— DATA LISTING —
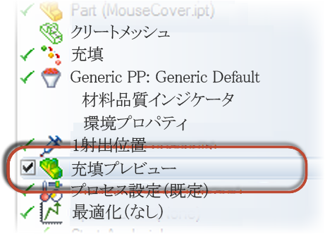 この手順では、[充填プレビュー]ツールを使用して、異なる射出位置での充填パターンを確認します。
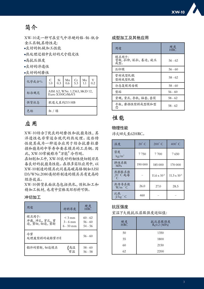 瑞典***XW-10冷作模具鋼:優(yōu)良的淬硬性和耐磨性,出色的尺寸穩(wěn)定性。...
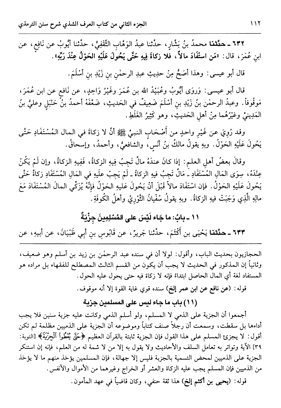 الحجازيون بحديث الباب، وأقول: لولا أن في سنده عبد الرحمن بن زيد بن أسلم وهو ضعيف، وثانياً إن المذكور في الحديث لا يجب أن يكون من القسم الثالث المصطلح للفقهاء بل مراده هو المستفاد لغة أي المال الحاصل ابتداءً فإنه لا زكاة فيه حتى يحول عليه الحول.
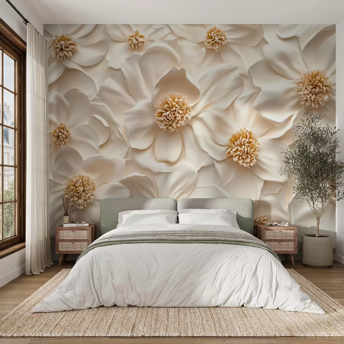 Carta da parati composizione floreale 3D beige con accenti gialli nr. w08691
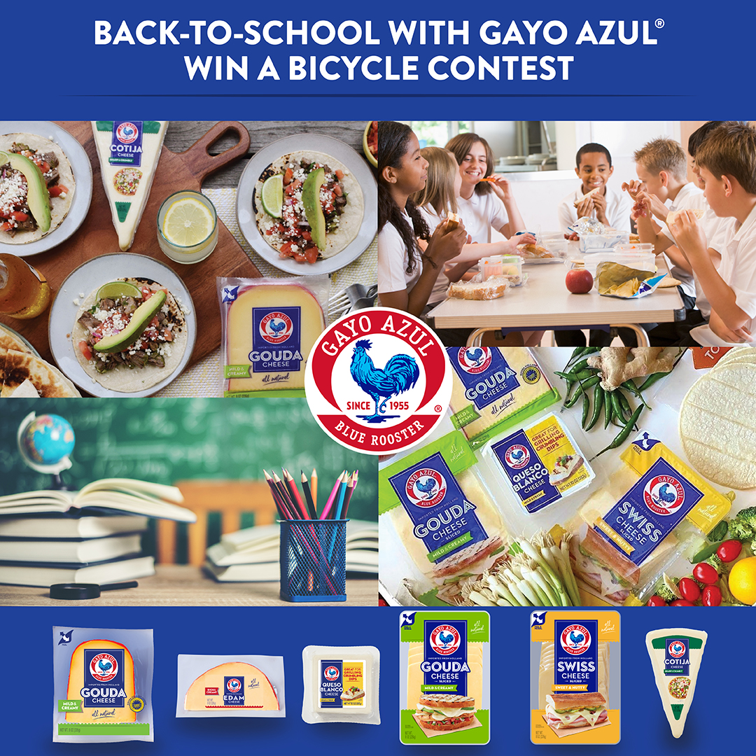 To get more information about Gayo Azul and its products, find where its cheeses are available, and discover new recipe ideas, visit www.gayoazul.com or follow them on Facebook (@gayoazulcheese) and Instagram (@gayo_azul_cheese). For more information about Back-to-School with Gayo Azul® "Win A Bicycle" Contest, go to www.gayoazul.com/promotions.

* * *

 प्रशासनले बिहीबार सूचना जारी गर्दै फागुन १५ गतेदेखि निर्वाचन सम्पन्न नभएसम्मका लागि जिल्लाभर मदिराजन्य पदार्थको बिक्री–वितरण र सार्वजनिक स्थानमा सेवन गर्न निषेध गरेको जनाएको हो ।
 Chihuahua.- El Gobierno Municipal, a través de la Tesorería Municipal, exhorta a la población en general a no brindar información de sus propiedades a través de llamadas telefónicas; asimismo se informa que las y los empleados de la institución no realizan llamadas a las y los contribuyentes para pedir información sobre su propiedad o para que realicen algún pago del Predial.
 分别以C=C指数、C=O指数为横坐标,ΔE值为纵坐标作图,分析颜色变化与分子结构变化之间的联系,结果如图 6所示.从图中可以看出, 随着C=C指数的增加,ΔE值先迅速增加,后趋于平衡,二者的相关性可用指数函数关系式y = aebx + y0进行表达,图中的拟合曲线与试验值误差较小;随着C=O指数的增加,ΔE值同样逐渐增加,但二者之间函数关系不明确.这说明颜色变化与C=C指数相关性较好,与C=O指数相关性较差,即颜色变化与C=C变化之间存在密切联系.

* * *

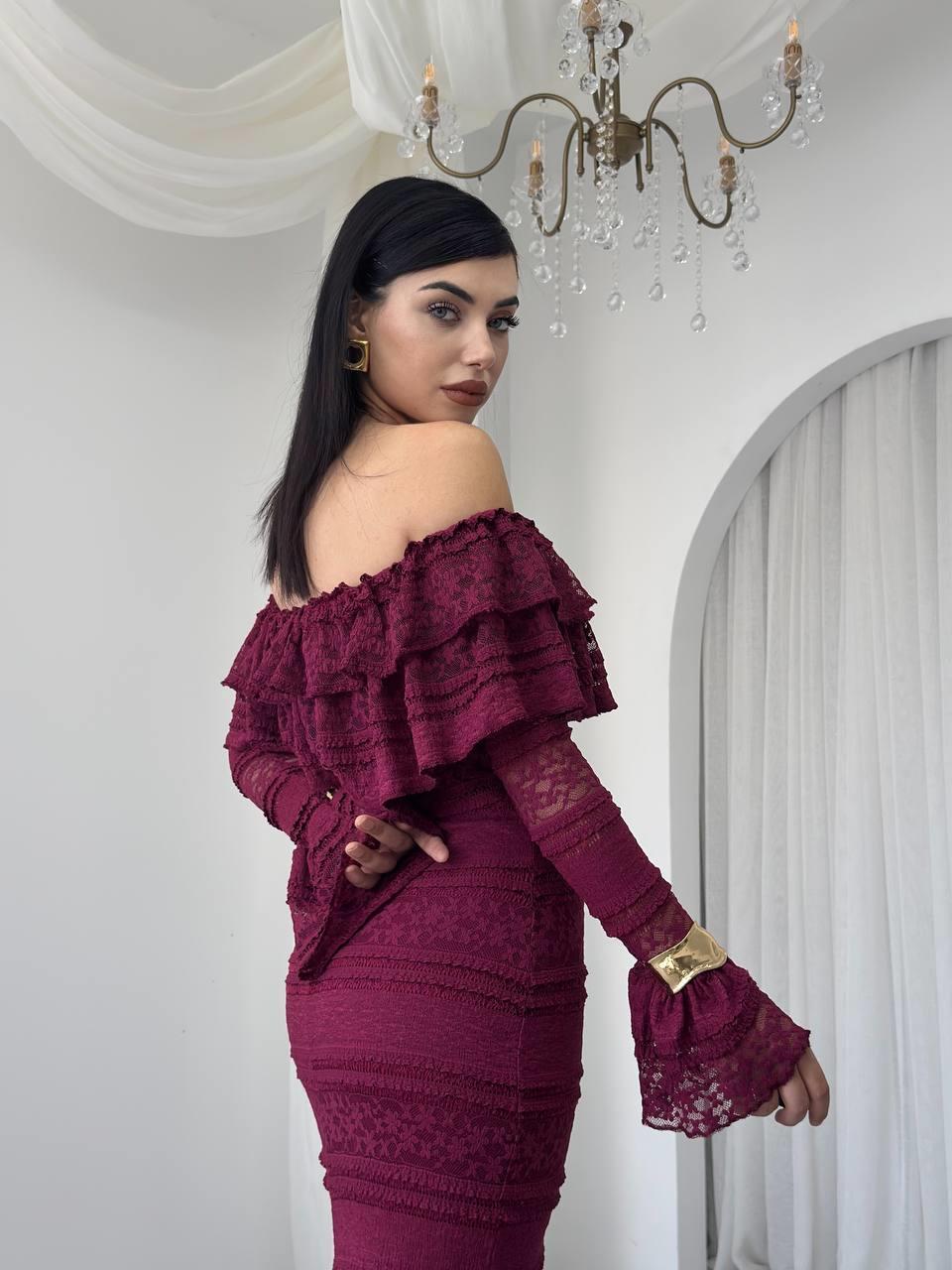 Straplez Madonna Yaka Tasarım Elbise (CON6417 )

— REQUIRED ACTION —
The lines to set down run from the line with "الحجازيون بحديث الباب،" up to and including the line with "To get more" in the entries above. Reproduce them exactly, with no pictures.

— ANSWER SPACE —
 الحجازيون بحديث الباب، وأقول: لولا أن في سنده عبد الرحمن بن زيد بن أسلم وهو ضعيف، وثانياً إن المذكور في الحديث لا يجب أن يكون من القسم الثالث المصطلح للفقهاء بل مراده هو المستفاد لغة أي المال الحاصل ابتداءً فإنه لا زكاة فيه حتى يحول عليه الحول.
 Carta da parati composizione floreale 3D beige con accenti gialli nr. w08691
 To get more information about Gayo Azul and its products, find where its cheeses are available, and discover new recipe ideas, visit www.gayoazul.com or follow them on Facebook (@gayoazulcheese) and Instagram (@gayo_azul_cheese). For more information about Back-to-School with Gayo Azul® "Win A Bicycle" Contest, go to www.gayoazul.com/promotions.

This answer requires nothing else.